Going forward, research would greatly benefit from agreement on a small set of validated and reliable tools to assess knowledge, attitude, and skills of learners. For psychiatry residents, these should assess outcomes related to the Milestone competencies of the Next Accreditation System [24]. While RCTs may be the gold standard in most evidence-based medicine, curriculum designers may have difficulty structuring their teaching based on the results of such a heterogeneous set. Moreover, barriers to conducting educational RCTs include time, funding, controlling all potential confounding variables, and achieving a significant sample size especially in residency settings in order to detect a difference between groups when a true difference exists. Randomized controlled designs, when well conducted, are justifiably heralded as a high-quality design in medical education research because they function to enable causal inferences by tightly controlling the relevant variables [4]. One paper [14] evaluated how providing a seminar for teachers in family medicine might affect the learning of medical students. This was a potentially valuable pedagogical experiment because of a reliance on clinical faculty to teach medical ethics. Interestingly, the study found no difference between students in their responses to the ethical vignettes who had preceptors who participated in the medical ethics teaching seminar and preceptors who did not. This suggests that controlled trials to alter what teachers do should be designed to produce a larger effect, given the necessary small sample of such pedagogical research.
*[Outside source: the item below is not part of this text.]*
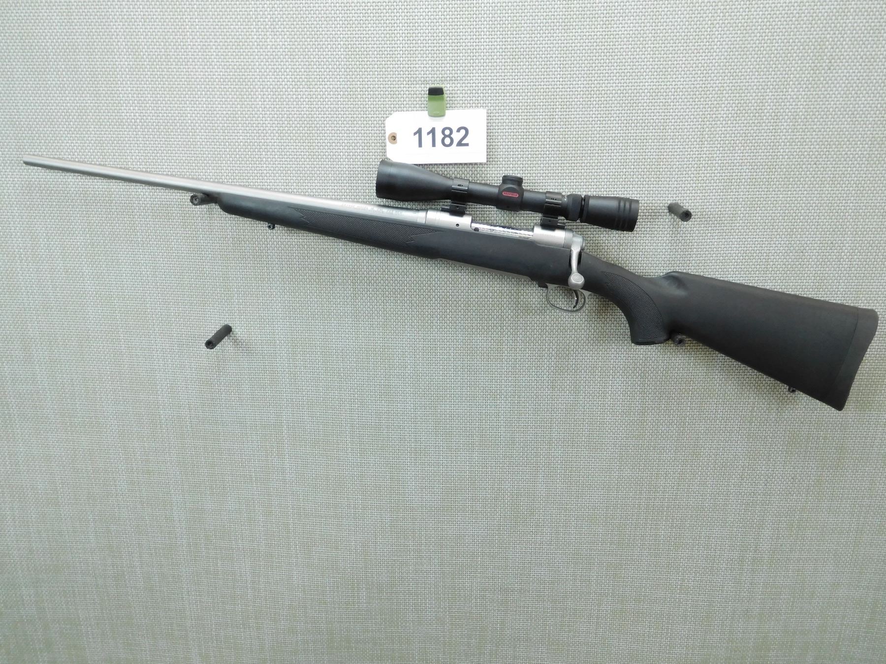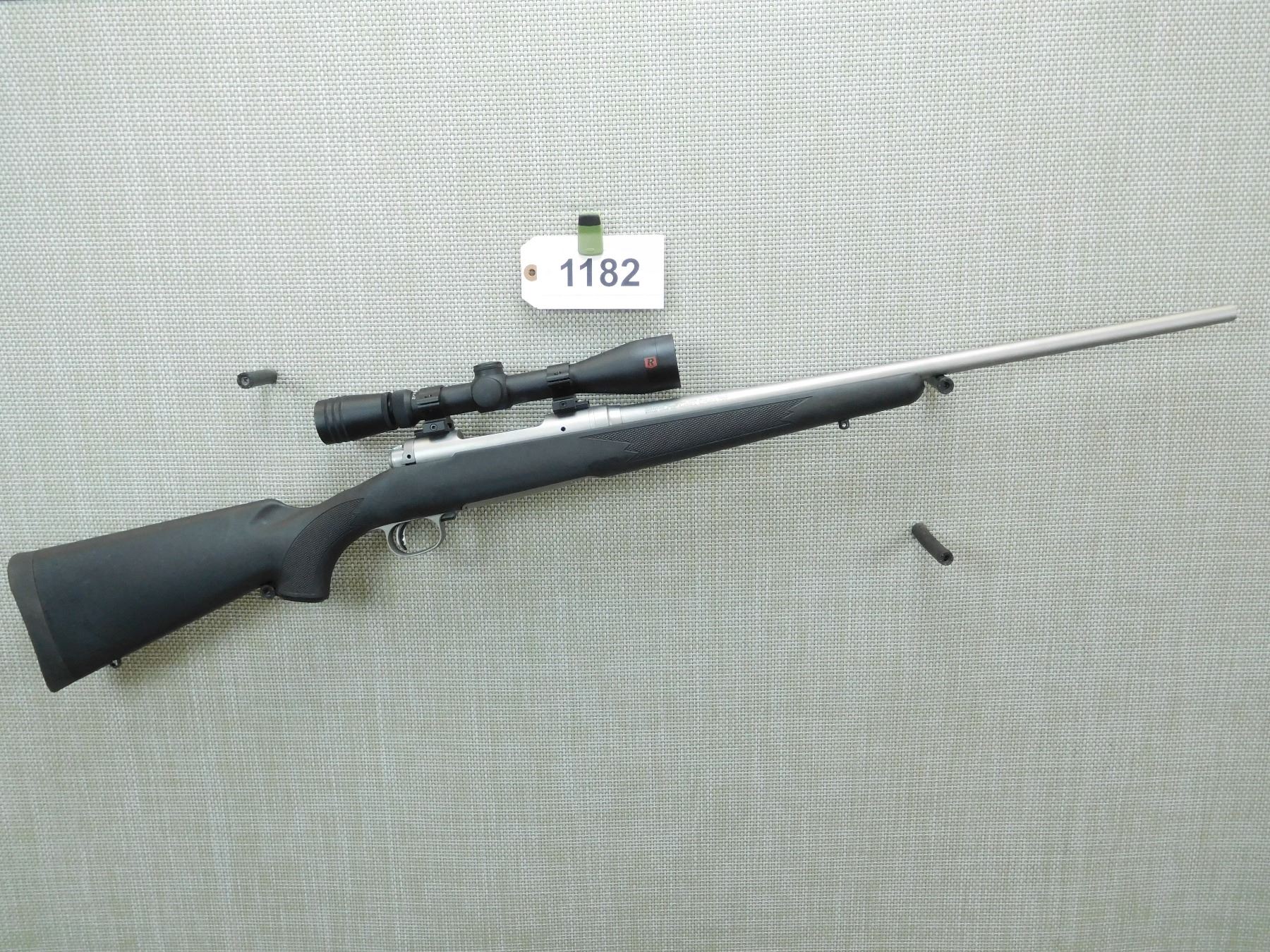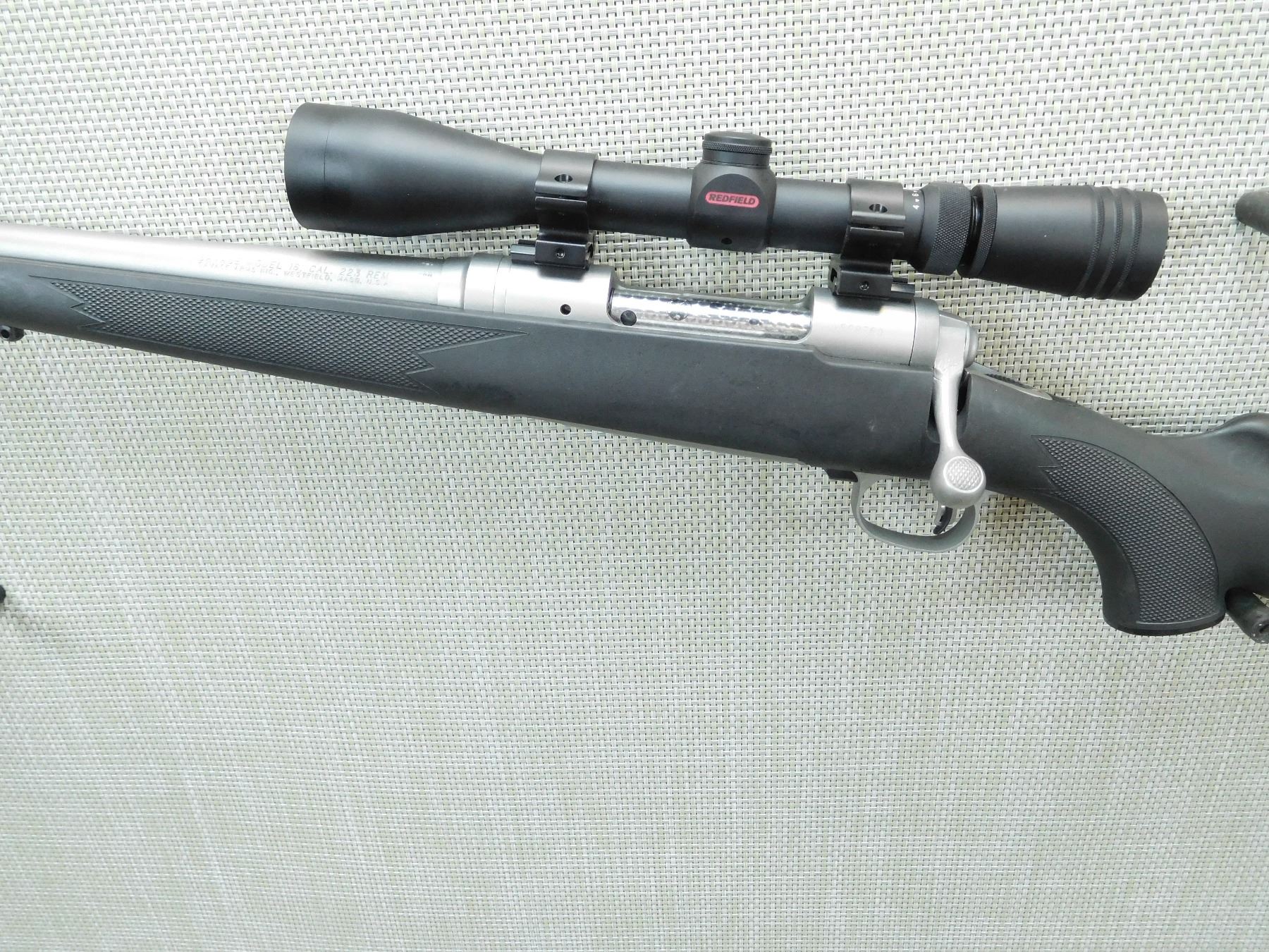 VERY GOOD BORE, SLING SWIVEL STUDS, CHECKERED SYNTHETIC STOCK WITH CAPPED PISTOL GRIP AND RUBBER RECOIL PAD, MATTE STAINLESS STEEL BARREL WITH JEWLED BOLT, REDFIELD 4 -12 SCOPE, ADJUSTABLE TRIGGER, HINGED FLOOR PLATE, EXCELLENT BORE , SERIAL # H598760 , ACTION: BOLT ACTION RIFLE , BARREL LENGTH: 22" , CONDITION: 9/10 , STOCK # 7538 , CLASS: CANADIAN NON RESTRICTED CLASS

The findings are limited by the search terms and databases used. It is possible that we did not find all relevant articles. Additionally no search was completed for non-English-language articles. The scoring system for appraising articles also did not take account of some details of methodology such as how randomization or blinding was achieved or the adequacy of methods of concealment of allocation. Another set of authors might also have scored the quality of articles differently, which is a challenge managed here by adopting a rigorous consensus process. This review demonstrates, nevertheless, that there is an emerging body of research on medical ethics pedagogy using controlled trials. Both the number and quality of trials need to increase and the scope of research needs to expand to include psychiatry residents in order to secure the strongest possible evidence base for the provision of medical ethics teaching.